I'm assuming this is among the "natural pb" that people rave about is great for BB. The stuff tastes great! 

Ingredients: Roaster peanuts, sugar, palm oil, salt


Correct me if i'm wrong, but it's good to eat before bed, right?

Last night I ate 2 pb and jelly sandwiches (the "jelly" was actually Polaner strawberry preserves w/no added sugar) on whole wheat bread, plus 2 cups of FF cottage cheese.

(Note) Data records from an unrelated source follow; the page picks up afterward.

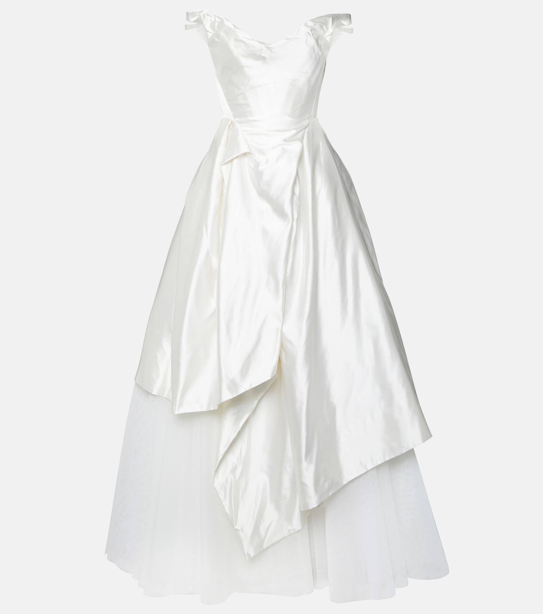 The dreamy Nebula bridal gown embodies the essence of Vivienne Westwood’s avant-garde reign. Made from silk, this masterpiece brings an element of drama with its voluminous full skirt and flattering figure-hugging off-shoulder bodice. Product Details - Material: 100% silk - Care instructions: dry clean - Made in the UK - Designer color name: Pearl White - Item number: P00802191 Size & Fit - True to size - Off-the-shoulder - Cinched waist - Heavy material - The model seen in the picture is 178cm-5'10" and wearing a size UK 8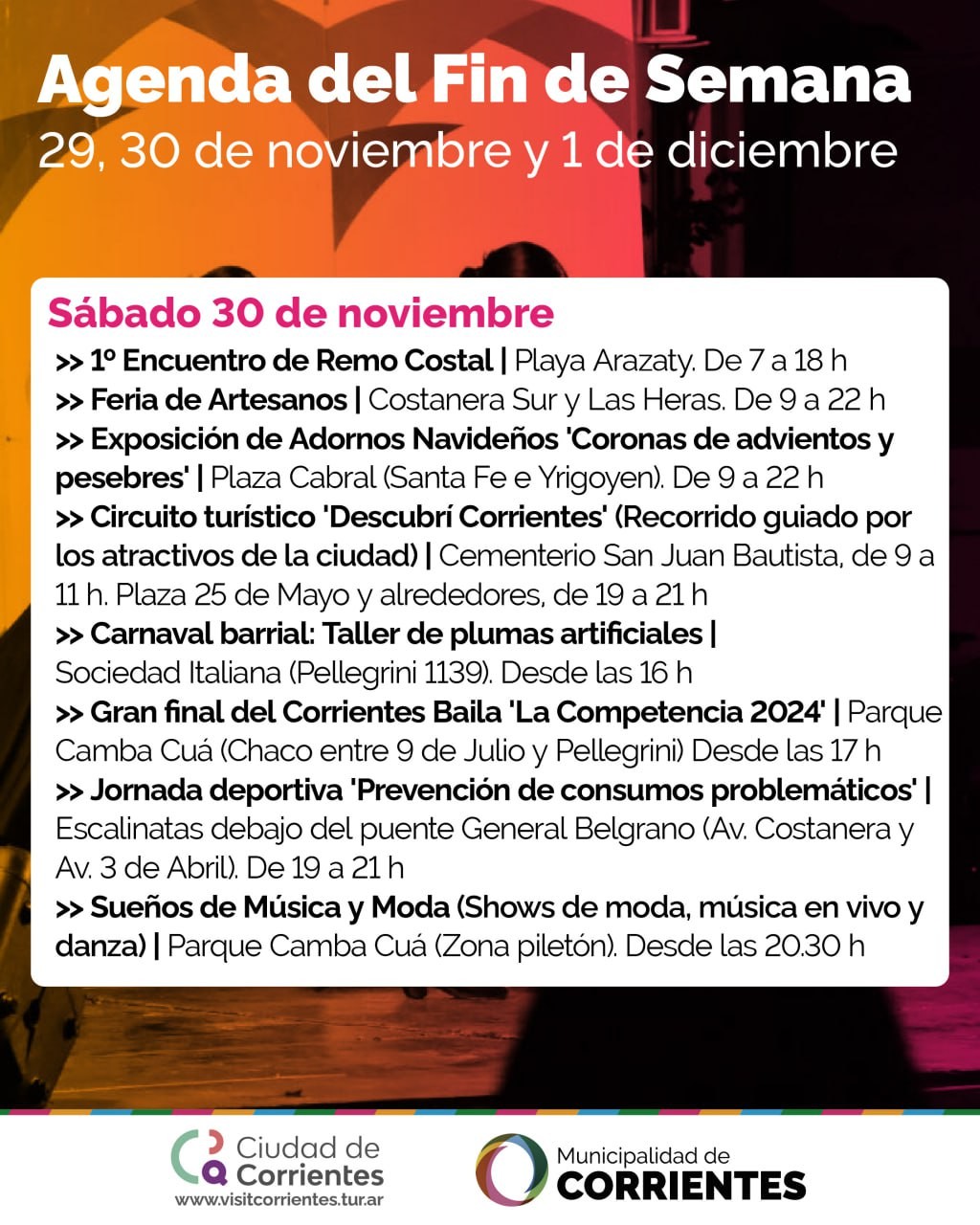 Una vez más, la Municipalidad de la ciudad de Corrientes pone a disposición de vecinos y turistas una amplia gama de ofertas para el disfrute de grandes y chicos. Entre las propuestas habrá chamamé, teatro, remo, boxeo, talleres de carnaval, presentación de tema de comparsas, moda, música y danza.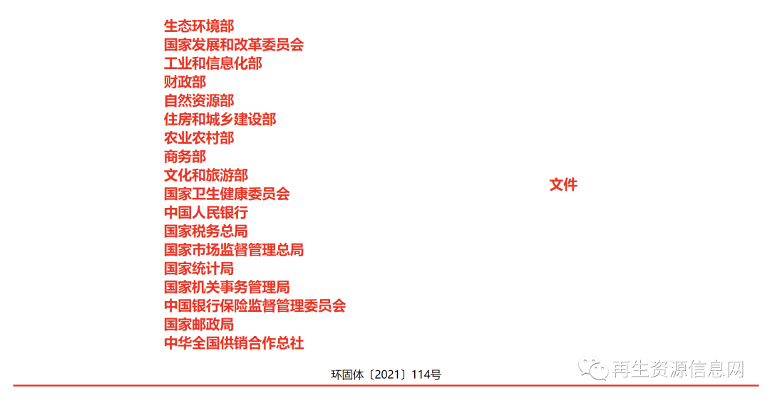 各省、自治區(qū)、直轄市及新疆生產(chǎn)建設(shè)兵團(tuán)生態(tài)環(huán)境廳(局)、發(fā)展改革委、工業(yè)和信息化主管部門、財(cái)政廳(局)、自然資源主管部門、住房和城鄉(xiāng)建設(shè)廳(委、局、城管委、城管局、綠化市容局)、農(nóng)業(yè)農(nóng)村(農(nóng)牧、畜牧、獸醫(yī)、漁業(yè))廳(局、委)、商務(wù)主管部門、文化和旅游廳(局)、衛(wèi)生健康委、市場(chǎng)監(jiān)管局(廳、委)、統(tǒng)計(jì)局、機(jī)關(guān)事務(wù)管理部門、郵政局、供銷合作社;中國(guó)人民銀行上海總部,各分行、營(yíng)業(yè)管理部,各省會(huì)(首府)城市中心支行;國(guó)家稅務(wù)總局各省、自治區(qū)、直轄市、計(jì)劃單列市稅務(wù)局;各銀保監(jiān)局: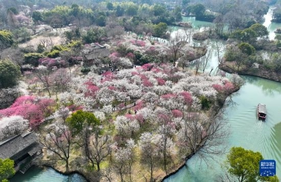 2月26日,游船經(jīng)過杭州西溪濕地一片盛開的梅林(無人機(jī)照片)。
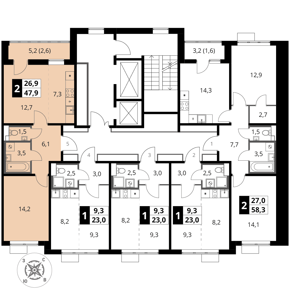 Купить 2к квартиру 49 м² в ЖК 1‑й Шереметьевский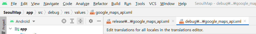 알고보니, google_maps_api.xml이 debug, release용이 따로 있었다.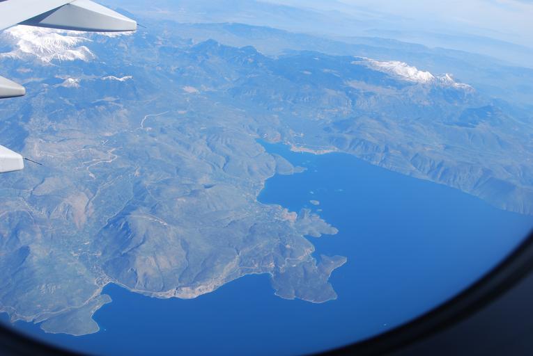 Keywords: Gulf of Corinth.jpg es En primer plano el Golfo de Corinto y la costa meridional de la Grecia central Fócide Al fondo a la derecha el monte Parnaso Entre estas montañas Delfos own Durutomo 2010-03-21 Aerial photographs of Greece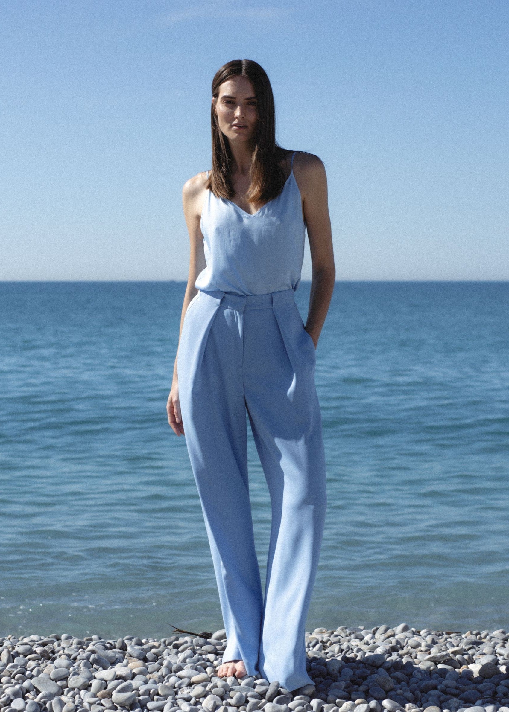 LIGHT BLUE WIDE-LEG TROUSERS

Good last meal of the day?


----------



## tucker01 (Mar 7, 2006)

natty pb shouldn't have any sugar in it.


----------



## 40-yard dash_2 (Mar 7, 2006)

Flex said:
			
		

> I'm assuming this is among the "natural pb" that people rave about is great for BB. The stuff tastes great!
> 
> Ingredients: Roaster peanuts, sugar, palm oil, salt
> 
> ...


That P.B. is horrible, and are you cutting or bulking?


----------



## JOHNYORK (Mar 7, 2006)

thast not natty peanut butter


----------



## BulkMeUp (Mar 7, 2006)

Ingredients of natty PB should state 'Just peanuts' or 'peanuts and salt'. It wont taste as great as the one you presently have.


----------



## Emma-Leigh (Mar 7, 2006)

BulkMeUp said:
			
		

> Ingredients of natty PB should state 'Just peanuts' or 'peanuts and salt'.







> It wont taste as great as the one you presently have.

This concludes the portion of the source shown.